→ **Work order**:
Pictures are to be left out; every line from the one with "Lace Guipure Sleeveless" through the end of the data must be transcribed exactly.
====== Data below ======
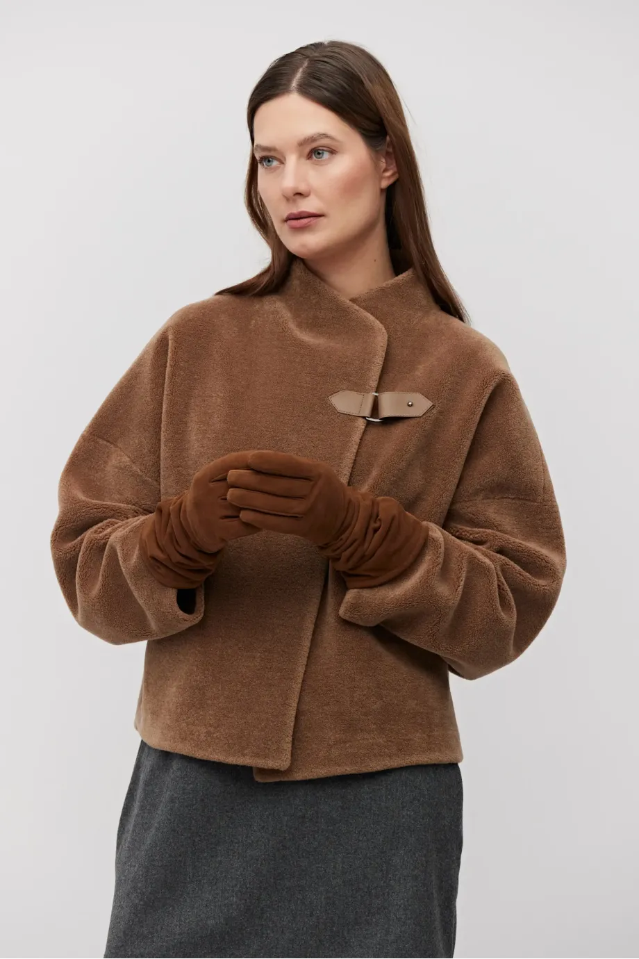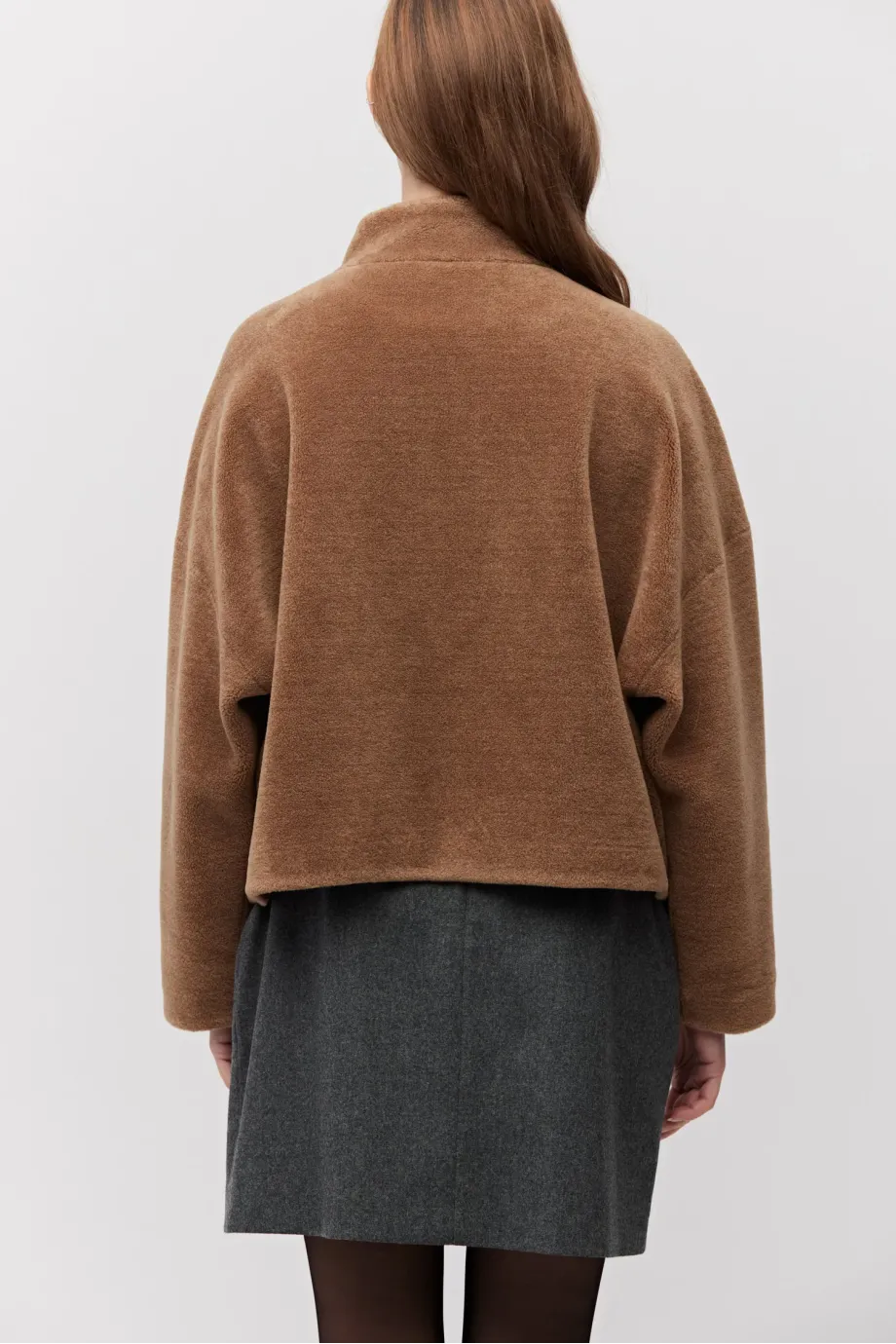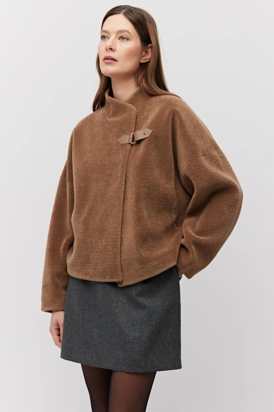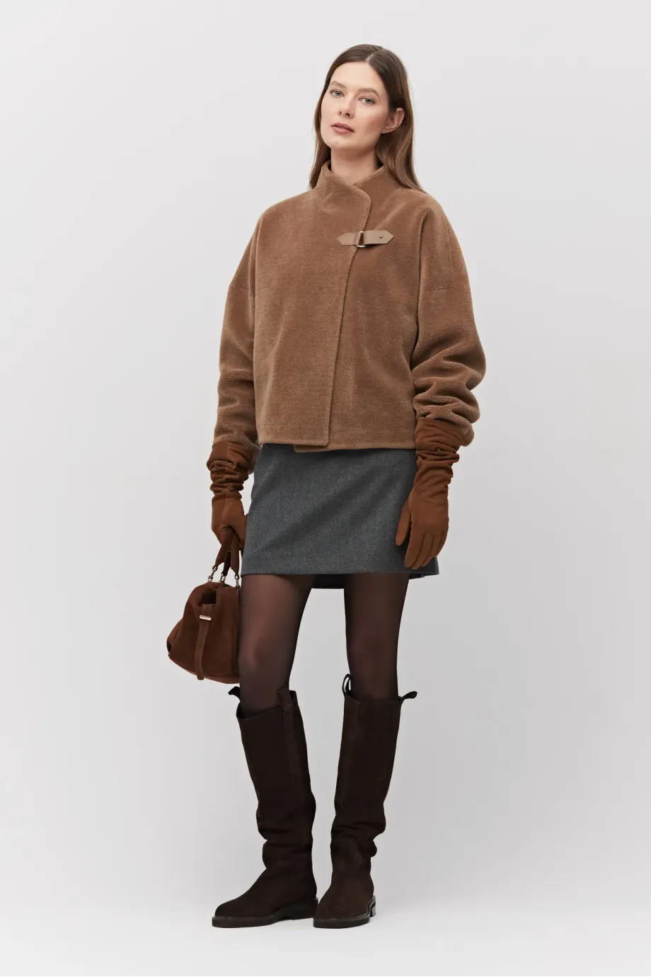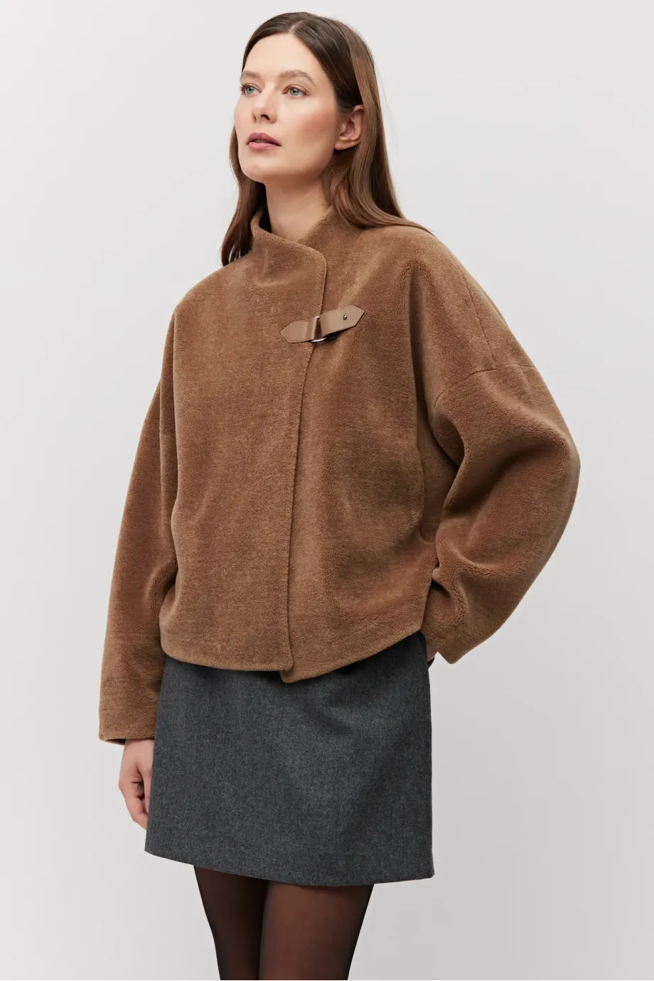Palton din lână teddy bear, croială scurtă, cu guler ridicat și închidere din piele. Mâneci lungi și buzunare. Culoarea maro.
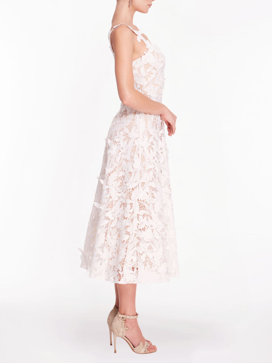 Lace Guipure Sleeveless A-line Midi Cocktail Dress
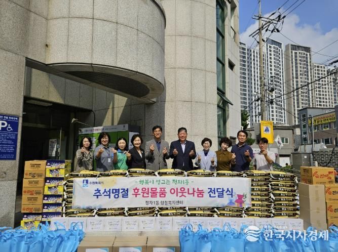 한국시사경제 사회팀 | 수원시 장안구 정자1동은 지난 1일, 추석 명절을 앞두고 관내 단체, 기업, 개인 등에서 기탁한 성금과 물품을 어려운 이웃들에게 전달하는 ‘추석 이웃사랑 나눔 전달식’을 개최했다.
======
→ **Answer to this problem**:
 Lace Guipure Sleeveless A-line Midi Cocktail Dress
 한국시사경제 사회팀 | 수원시 장안구 정자1동은 지난 1일, 추석 명절을 앞두고 관내 단체, 기업, 개인 등에서 기탁한 성금과 물품을 어려운 이웃들에게 전달하는 ‘추석 이웃사랑 나눔 전달식’을 개최했다.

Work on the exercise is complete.